El poder surgió más y más alto mientras Zerrion Draal se elevaba hacia el cielo y bramaba.
—¡ESTALLIDO…
DE OLVIDO!
…!
La Energía Evolutius y Primordial se enroscaron, viles e inestables.
La erupción que siguió partió el aire con violencia.
Cadenas como de lava de un púrpura brillante estallaron, apuntando a enredar y quemar al fénix envuelto en fuego blanco.
Aquiles observó todo, imperturbable.
Abrió sus fauces —fauces que ahora pertenecían a algo mucho más grande que él.
Y él…
respiró.
Estaba aprendiendo que el Descenso del Fénix Solar Lunar Nirvánico incluía más que solo fuerza.
Tenía garras lo suficientemente afiladas para cortar el espacio.
Llamas lo suficientemente calientes para quemar a través de seres invocados.
Y fauces…
¡HUUM!
Que liberaban soles incandescentes.
Y lunas.
Cientos de soles dorado-blancos y lunas plateado-blancas en miniatura explotaron desde su boca, cayendo en cascada por el cielo como una avalancha celestial.

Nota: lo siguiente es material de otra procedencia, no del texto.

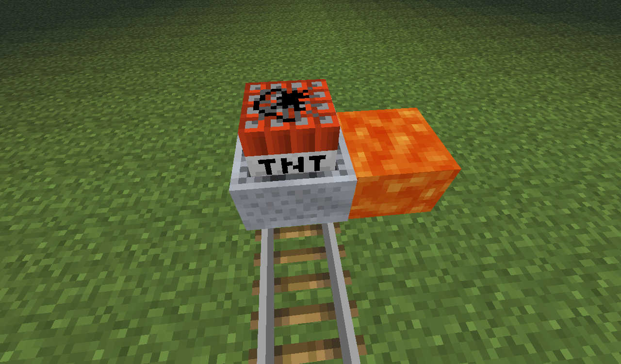 When a Minecart with TNT is on normal rails, and lava destroyed the rails, the Minecart with TNT explodes and drops TNT and a minecart. It is difficult to confirm because the Minecart and TNT burning sometimes.

El espacio mismo se retorció.
Se derritió.
Los cielos del Reino de Neón se distorsionaron mientras belleza y devastación se entrelazaban.
Estos orbes no caían con tiranía.
Caían con elegancia y realeza como el fin del mundo envuelto en una lluvia de estrellas.
¿Su impacto?
¡Cataclísmico!
¡HUUUM!
Las cadenas de lava no tuvieron oportunidad.

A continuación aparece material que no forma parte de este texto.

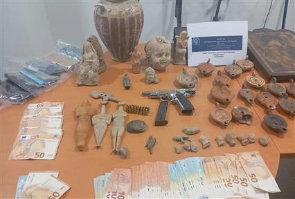 Σε έρευνα που πραγματοποιήθηκε στο σπίτι του συλληφθέντα σε περιοχή της Δράμας κατασχέθηκαν αντικείμενα, τα οποία σύμφωνα με γνωμάτευση αρχαιολόγου της Εφορείας Αρχαιοτήτων Δράμας, υπάγονται στις προστατευτικές διατάξεις της παραπάνω Νομοθεσίας.

El calor radiante, la gravedad y la pura densidad de cada sol y luna en miniatura las destrozaron convirtiéndolas en polvo estelar, llenando el cielo de cenizas resplandecientes.
Con cada órbita, barrían las defensas de Zerrion Draal —quemándolas como papel empapado en aceite.
Como una corona de destrucción, los cuerpos celestes giraban alrededor de la forma masiva de Zerrion Draal.
—Ah…
La voz del Juez apenas escapó de sus labios.
Su asombro y miedo eran reales.
Porque frente a él ardía una energía diferente a cualquier cosa que hubiera encontrado antes.
No era Evolutius.
No era Primordial.
Era algo más puro.
¡Algo más antiguo!
Y estaba destrozando su Ser Etéreo Dhármico como si estuviera hecho de paja.
La escena era tan increíble, tan inesperada, que muchos observadores olvidaron cómo respirar.
Los que estaban cerca lo presenciaron con sus propios ojos.
Los que estaban lejos lo veían a través de deslumbrantes pantallas y proyecciones holográficas por todo el Reino de Neón.
Fueron testigos del poder innegable de una Entidad de Manifestación Dharma siendo despedazada —una manifestación masiva rasgada para revelar la pequeña y vulnerable figura del Juez de Lunaris debajo.
Vieron la majestuosa y obsesivamente hermosa danza de soles y lunas en miniatura, rotando y deslizándose como bailarines celestiales.
Como si estuvieran realizando un ritual de origen cósmico antiguo diseñado para aniquilar a su enemigo.
En medio de todo, una luna plateada-blanca brillante rotó a través de la forma congelada de Zerrion Draal.
Permaneció paralizado, sobrecogido por la cruda belleza y devastación que lo rodeaba —hasta que la luna atravesó su pecho.
Marcó un rastro de absoluta destrucción a través de él.
Jadeos resonaron en cada pantalla, cada campo de batalla.
Un agujero amplio y perfecto ahora marcaba el centro del pecho de Zerrion Draal.
Su corazón y pulmones fueron quemados hasta la extinción.
Flotaba en el cielo, mirando hacia abajo a su pecho arruinado —casi el noventa por ciento había desaparecido.
¡Su corazón, casi completamente borrado!